== Segment start ==
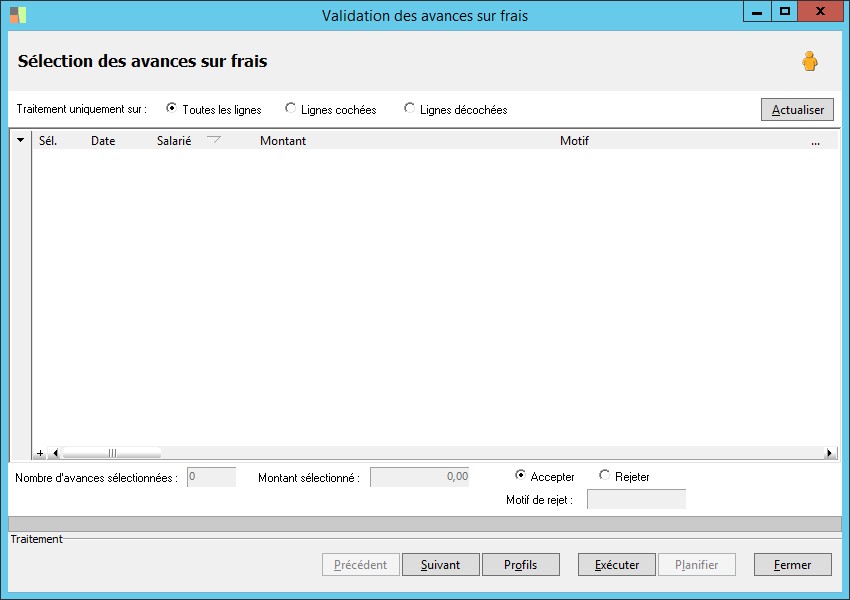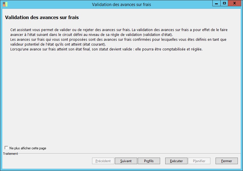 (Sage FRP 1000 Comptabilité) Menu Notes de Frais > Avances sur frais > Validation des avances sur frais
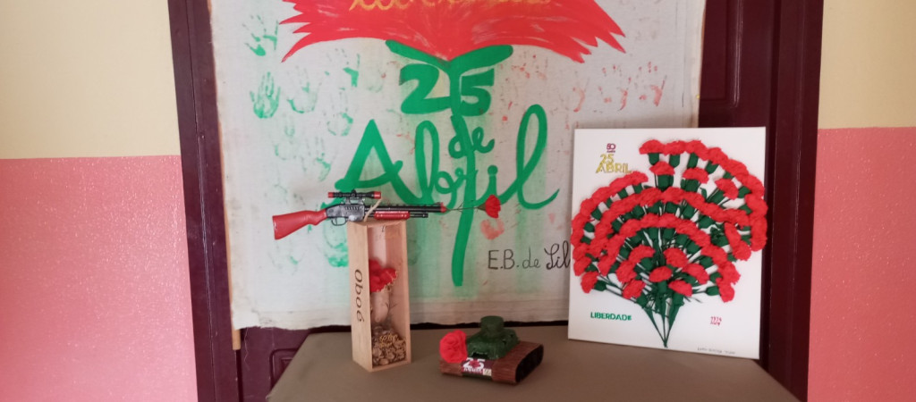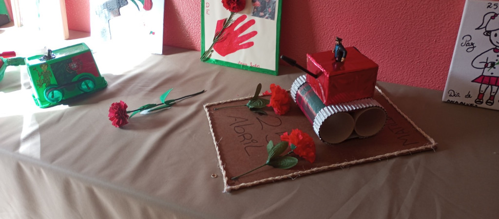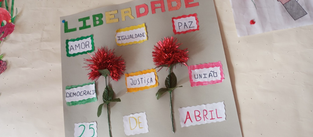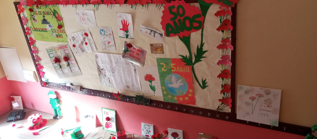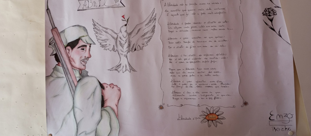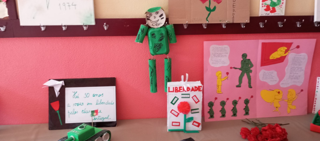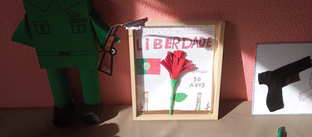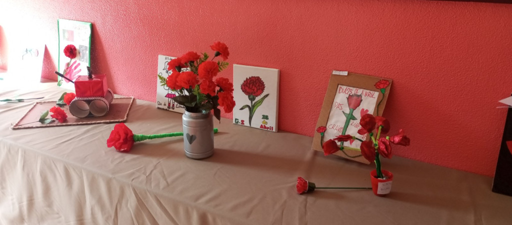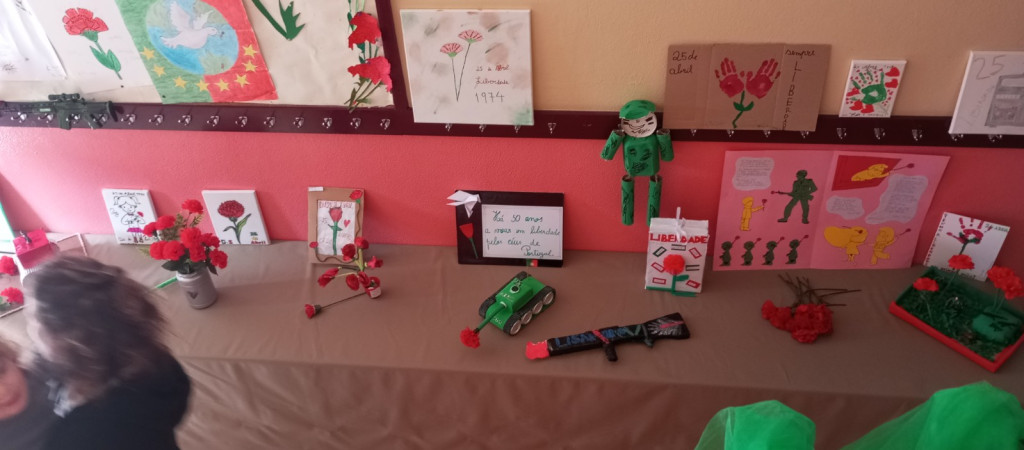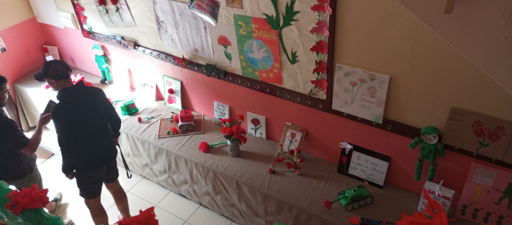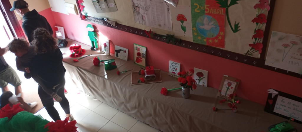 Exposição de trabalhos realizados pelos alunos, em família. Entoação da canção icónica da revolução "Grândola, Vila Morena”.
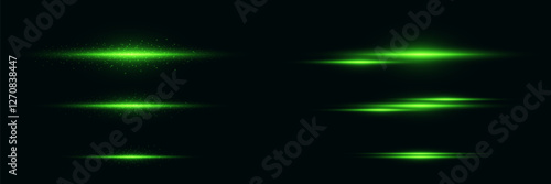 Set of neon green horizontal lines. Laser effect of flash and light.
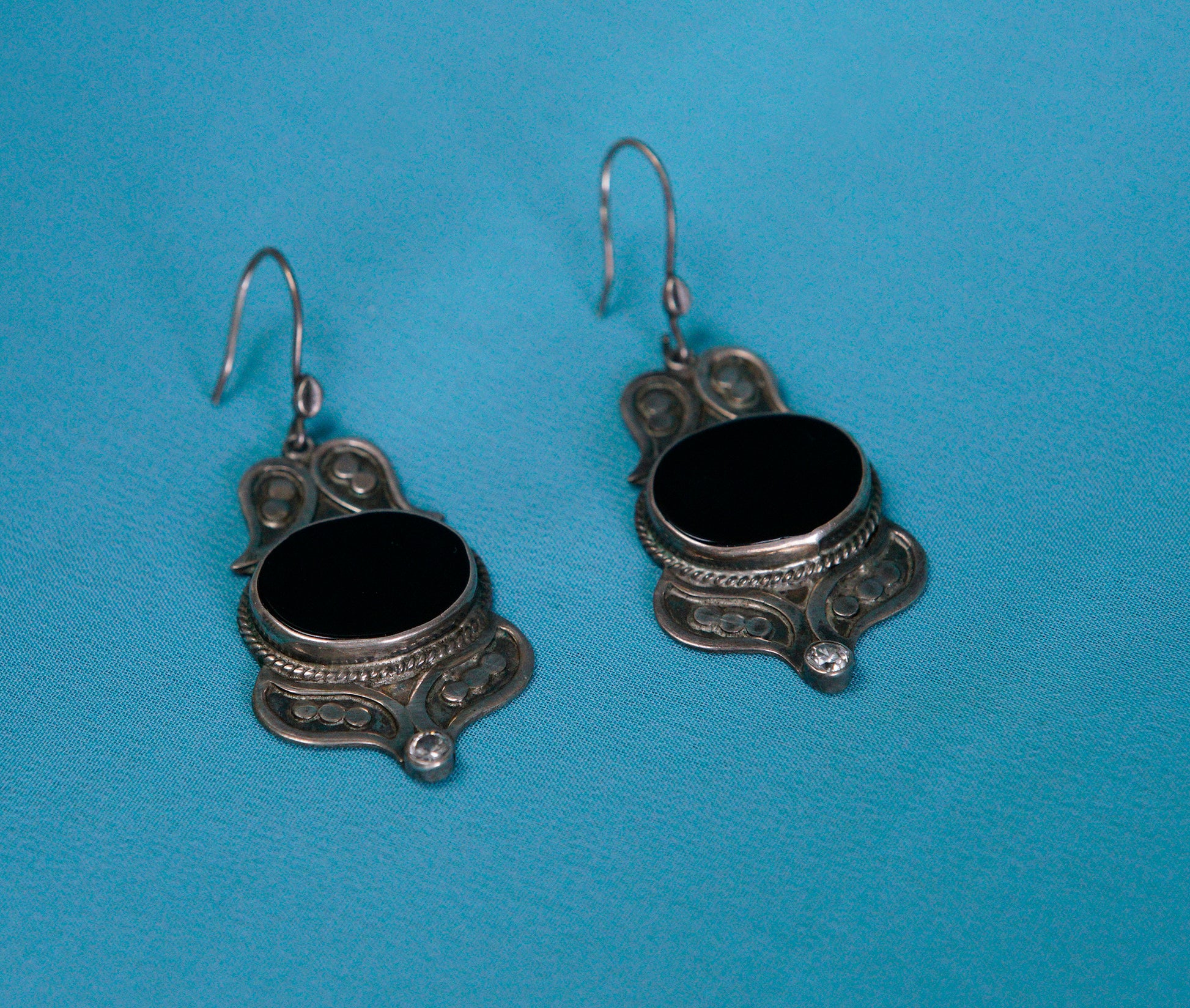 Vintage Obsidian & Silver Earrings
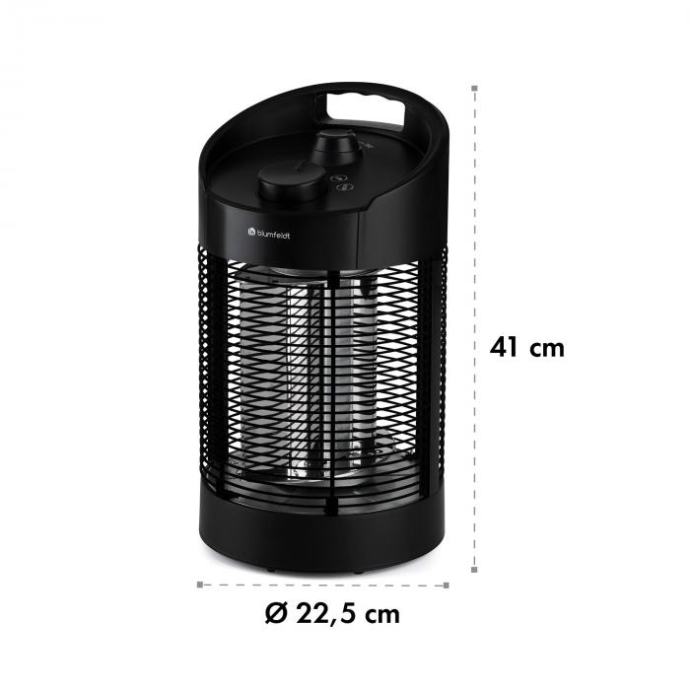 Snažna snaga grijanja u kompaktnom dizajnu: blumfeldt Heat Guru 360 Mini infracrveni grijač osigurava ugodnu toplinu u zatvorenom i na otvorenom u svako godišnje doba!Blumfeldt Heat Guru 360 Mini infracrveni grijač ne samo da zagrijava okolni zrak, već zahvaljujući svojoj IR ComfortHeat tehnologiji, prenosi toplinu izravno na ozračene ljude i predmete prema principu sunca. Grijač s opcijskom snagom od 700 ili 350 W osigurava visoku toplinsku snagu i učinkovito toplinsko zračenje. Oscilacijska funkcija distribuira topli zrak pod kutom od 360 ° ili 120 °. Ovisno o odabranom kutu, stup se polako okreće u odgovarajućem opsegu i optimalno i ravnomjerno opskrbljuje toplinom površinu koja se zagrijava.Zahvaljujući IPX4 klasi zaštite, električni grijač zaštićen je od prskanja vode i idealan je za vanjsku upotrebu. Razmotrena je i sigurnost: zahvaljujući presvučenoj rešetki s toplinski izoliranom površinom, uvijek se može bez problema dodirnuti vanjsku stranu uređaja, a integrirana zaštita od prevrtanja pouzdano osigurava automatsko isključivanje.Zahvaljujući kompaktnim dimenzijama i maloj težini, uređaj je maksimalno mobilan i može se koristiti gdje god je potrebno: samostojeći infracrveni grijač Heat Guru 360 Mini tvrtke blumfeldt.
== Segment end ==
- Instructions to follow
Within the listing above, extract exactly the lines that run from the one containing "Set of neon" through the one containing "Vintage Obsidian & Silver Earrings", excluding any pictures.

- Written solution
 Set of neon green horizontal lines. Laser effect of flash and light.
 Vintage Obsidian & Silver Earrings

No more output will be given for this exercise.